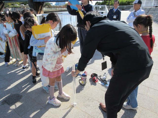 続く11月4日(火)には、堀割川いそご桟橋にて水環境調査(よこはま水辺レポート)の野外授業を行いました。みどり環境局水・土壌環境課の職員から調査の説明を聞きながら、堀割川の様子の観察や現地で採取した川の水で簡易試薬キットを使った水質検査、水の透明度を測る器具で川の実態を直接見てもらい、それぞれの児童が感じた堀割川の水環境をよこはま水辺レポートの調査票に記録してもらいました。川の透明度が高かったことに、多くの児童たちが驚いていました。
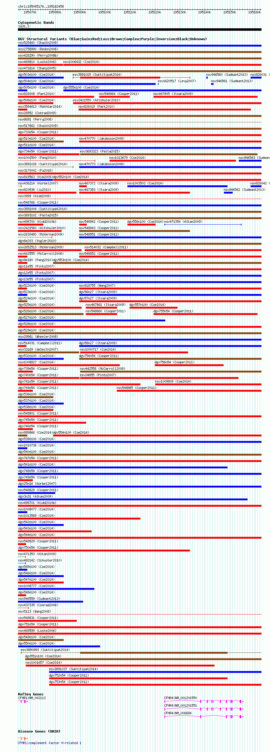 Variant DetailsVariant: nsv1007360| Internal ID | 19096579 | | Landmark | | | Location Information | | | Cytoband | 1q31.3 | | Allele length | | Assembly | Allele length | | hg38 | 97283 | | hg19 | 97283 | | hg18 | 97283 |
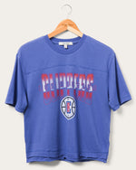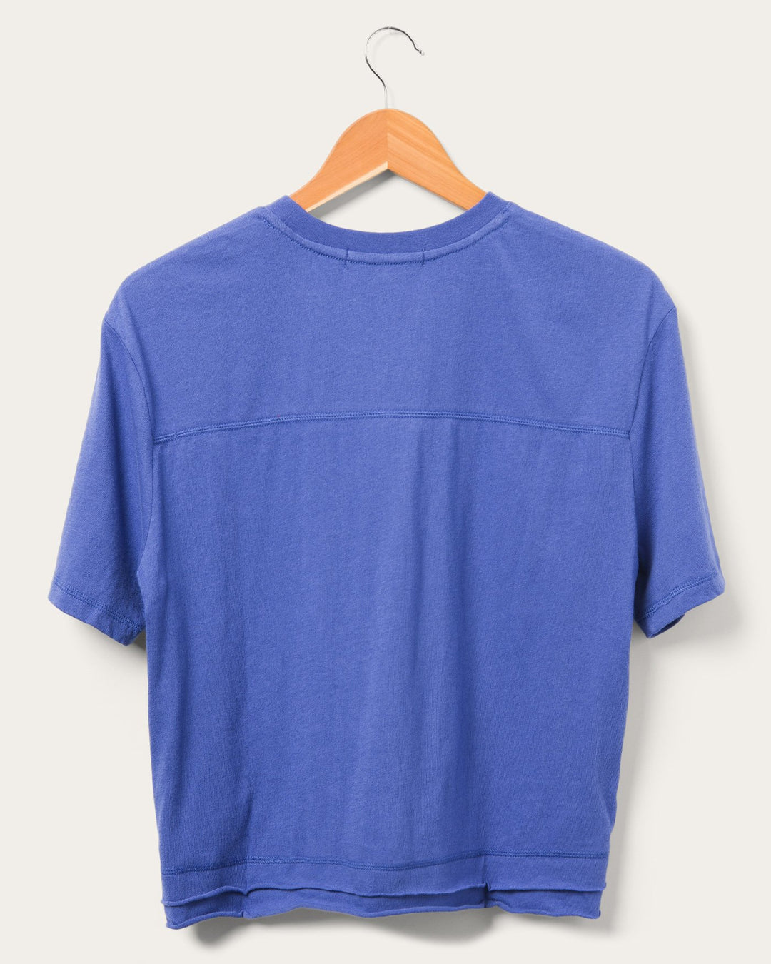 Ladies, we've got you covered for simple, yet cute throw-on tee for game-day! Our Women's Courtside Crop Tee in LIberty sports an easy, boxy, cropped fit with raw cut hem & stitching details, and features a vintage inspired team logo. The perfect tee to match all bottoms & keep you feeling trendy while backing your team.
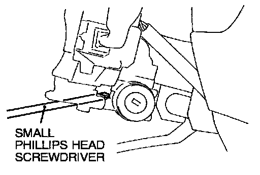 2. Using a small phillips head screwdriver, pull the steering lock cylinder toward you.
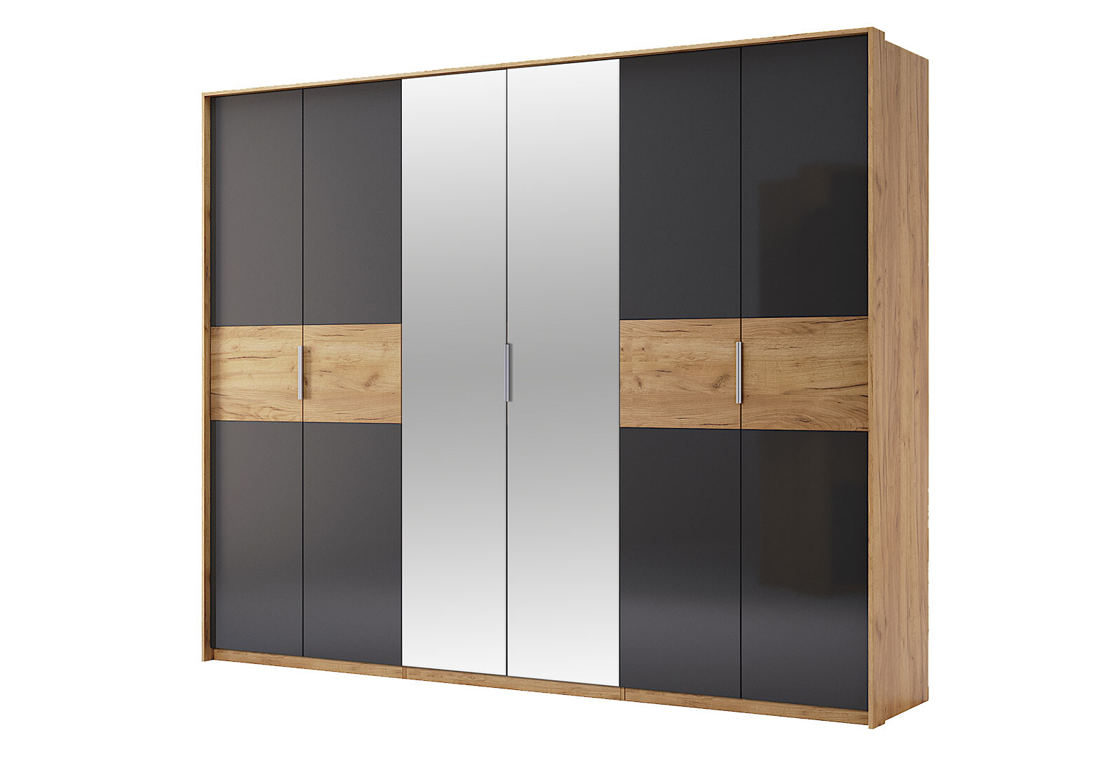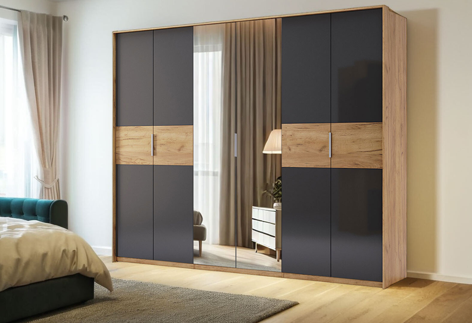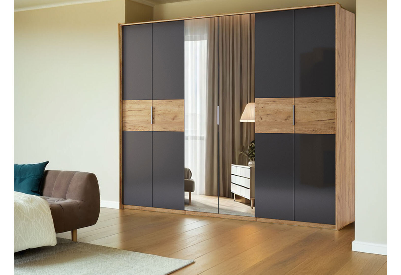 - Шафа MiroMark Рамона 6-дверна з дзеркалом 274 см Дуб крафт/Лава, серія Н
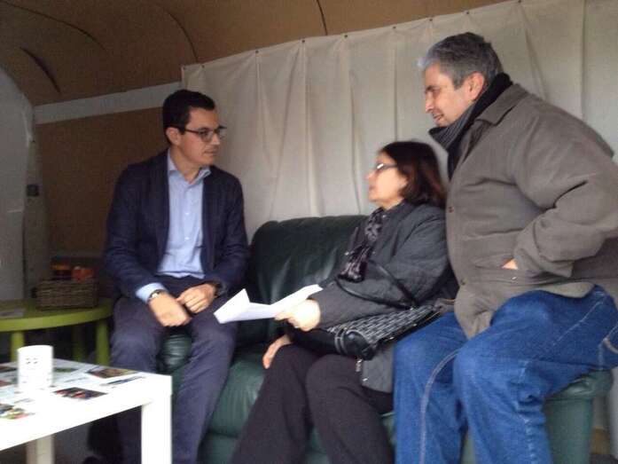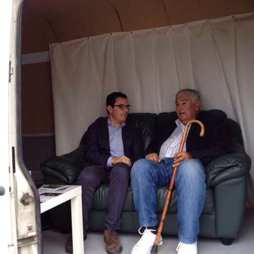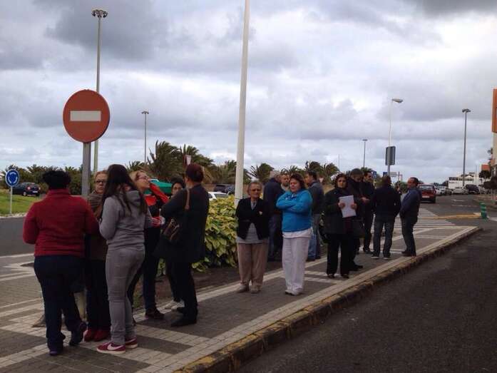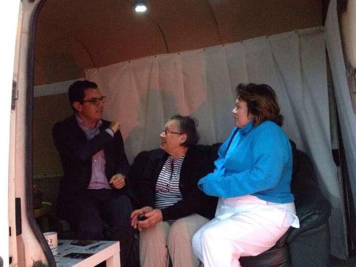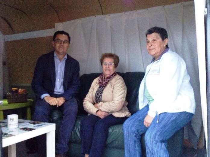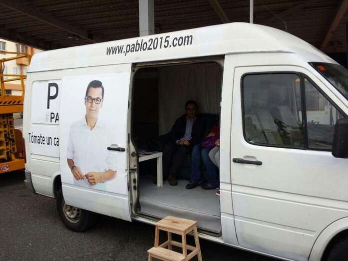 Un grupo de vecinos aguarda junto a la oficina móvil de CC Telde para reunirse con su candidato (Foto TA)
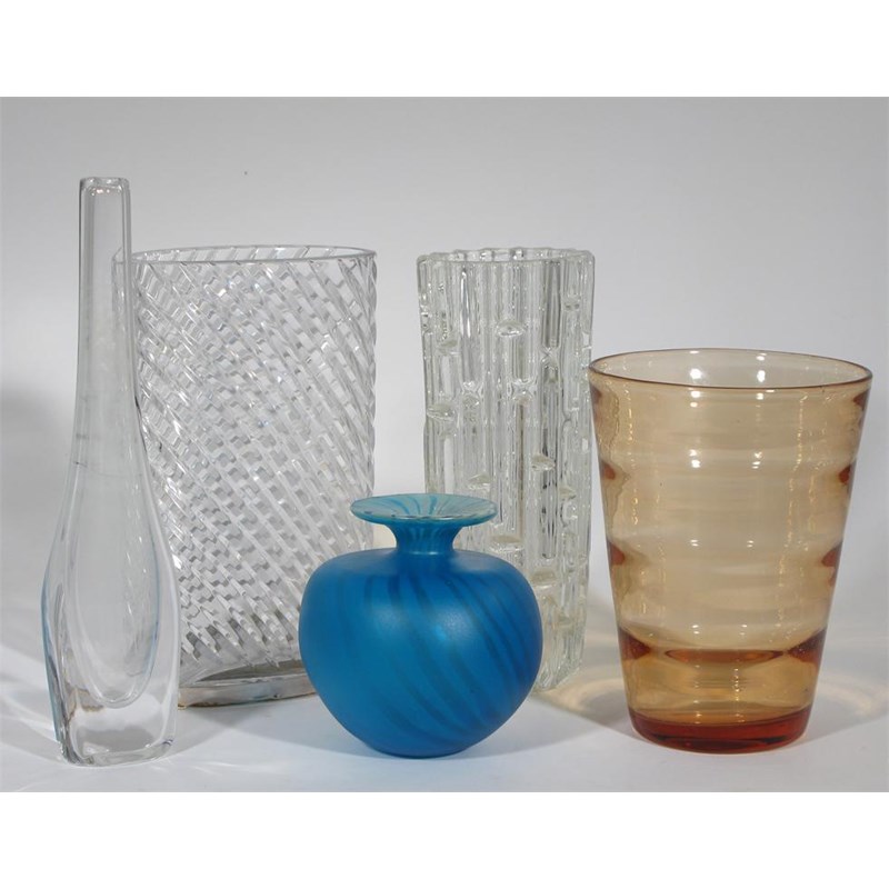 A collection of ten items of glass including a Mdina ovoid vase and an Orrefors solifleur vase...
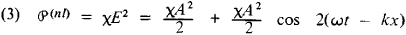 The coefficients x, θ, and so on are called the nonlinear susceptibilities (in order of magnitude, x ~ 1/Ea and θ ~ 1/Ea2). The material equation (2) is the basis of nonlinear optics. If a monochromatic light wave E = A cos (ωt —kx) is incident on the surface of a medium (where A is the amplitude, ω is the frequency, k is the wave number, x is the coordinate of a point along the direction of wave propagation, and t is the time), then according to (2) the polarization of the medium contains—in addition to the linear term PIkA cos (ωi- —kx) (linear polarization)—a nonlinear term of the second order:
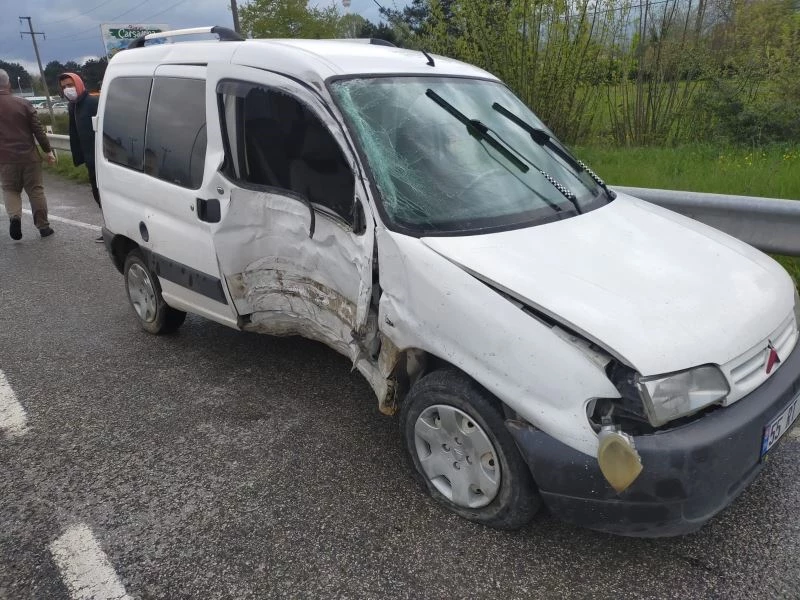 Tırın vurduğu hafif ticari araç elektrik direğine çarptı
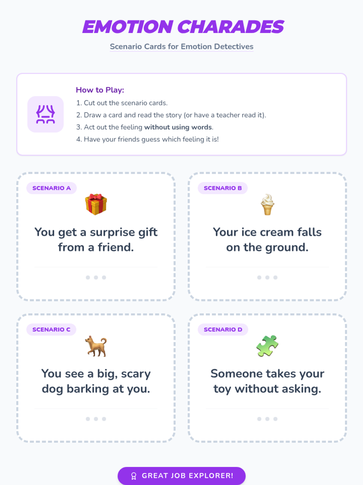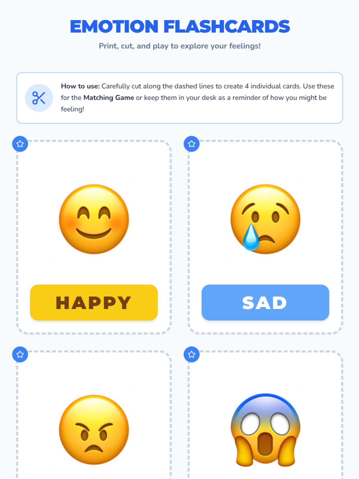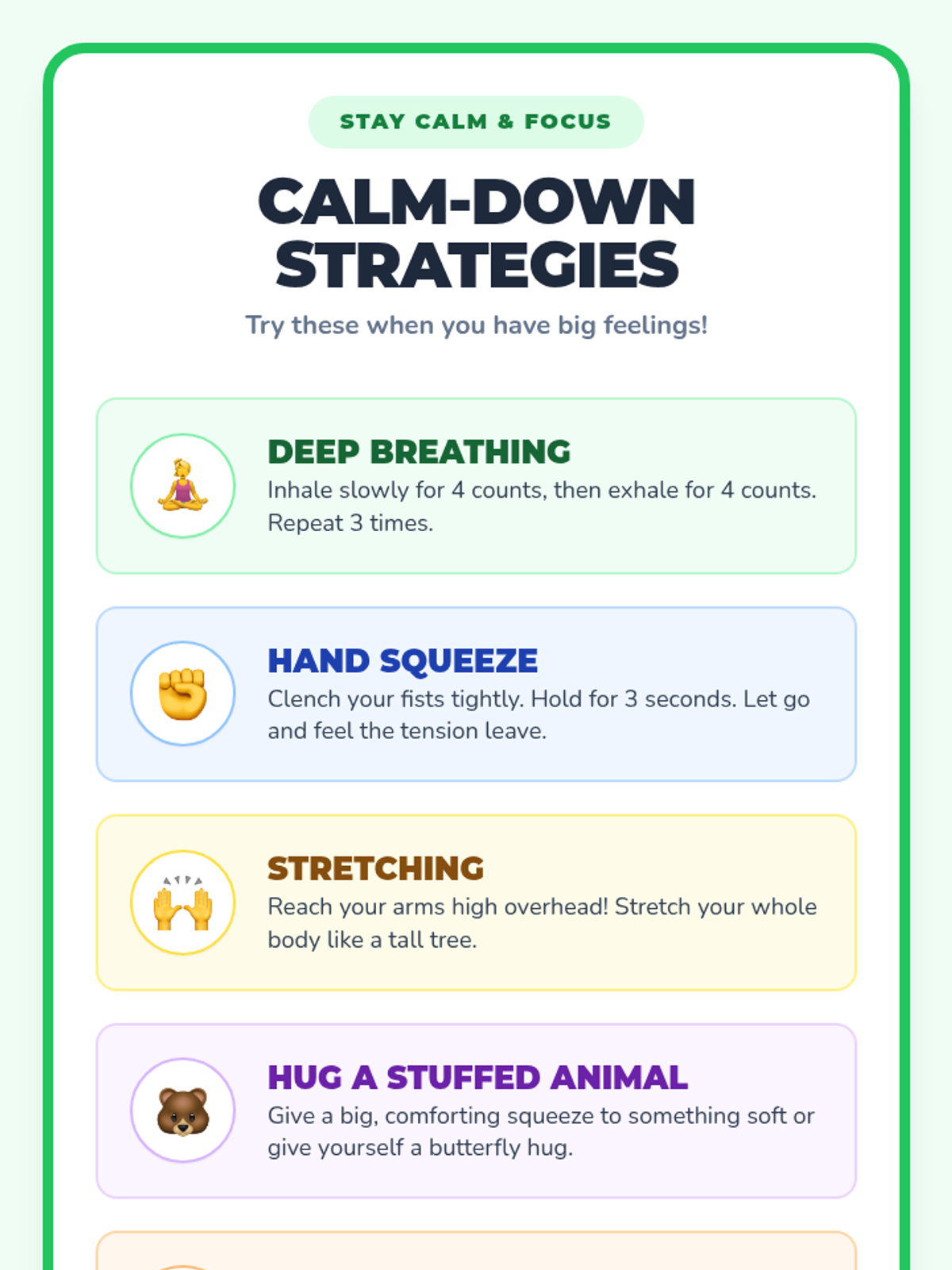 A 15-minute small group lesson for 1st graders to identify basic emotions (happy, sad, angry, scared) and practice foundational self-regulation strategies.
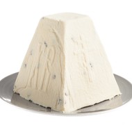 Invert the finished Easter dessert onto a plate, remove the mold, and then take off the cheesecloth.
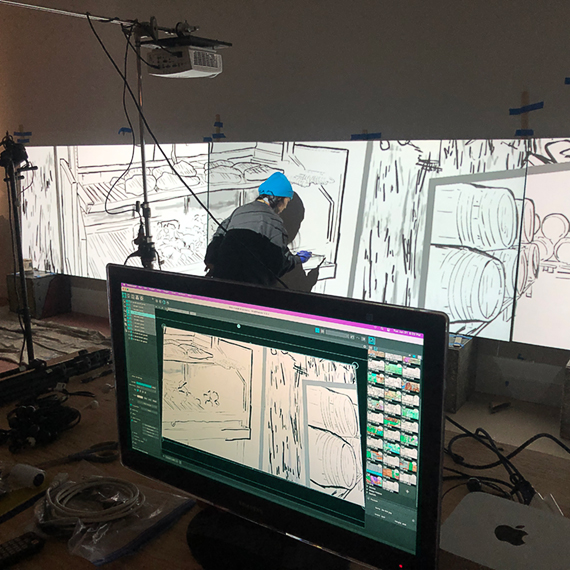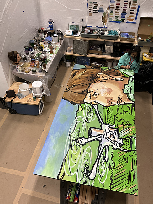 The Housing Authority of Santa Barbara kindly gave us a place to work on State Street in Santa Barbara. In our new workspace, we prepped and primed 16 marine-grade pieces of 4’x 8′ plywood, then sectioned Ricky’s image into 16 parts and projection-mapped them onto the panels. Using Disney-grade materials, we began to paint.
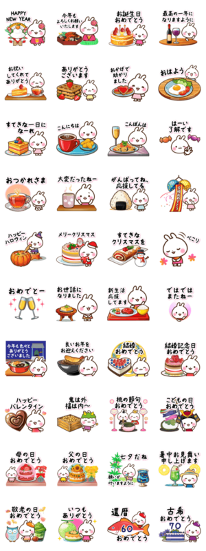 うさぎさん 一年中使える日常お祝い料理 スタンプ画像一覧
# # # # # # #
Only the lines from the start of the records through the line containing "Variant DetailsVariant: nsv1007360|" should be repeated, word for word, with the pictures left out.

YOUR RESPONSE ::
 続く11月4日(火)には、堀割川いそご桟橋にて水環境調査(よこはま水辺レポート)の野外授業を行いました。みどり環境局水・土壌環境課の職員から調査の説明を聞きながら、堀割川の様子の観察や現地で採取した川の水で簡易試薬キットを使った水質検査、水の透明度を測る器具で川の実態を直接見てもらい、それぞれの児童が感じた堀割川の水環境をよこはま水辺レポートの調査票に記録してもらいました。川の透明度が高かったことに、多くの児童たちが驚いていました。
 Variant DetailsVariant: nsv1007360| Internal ID | 19096579 | | Landmark | | | Location Information | | | Cytoband | 1q31.3 | | Allele length | | Assembly | Allele length | | hg38 | 97283 | | hg19 | 97283 | | hg18 | 97283 |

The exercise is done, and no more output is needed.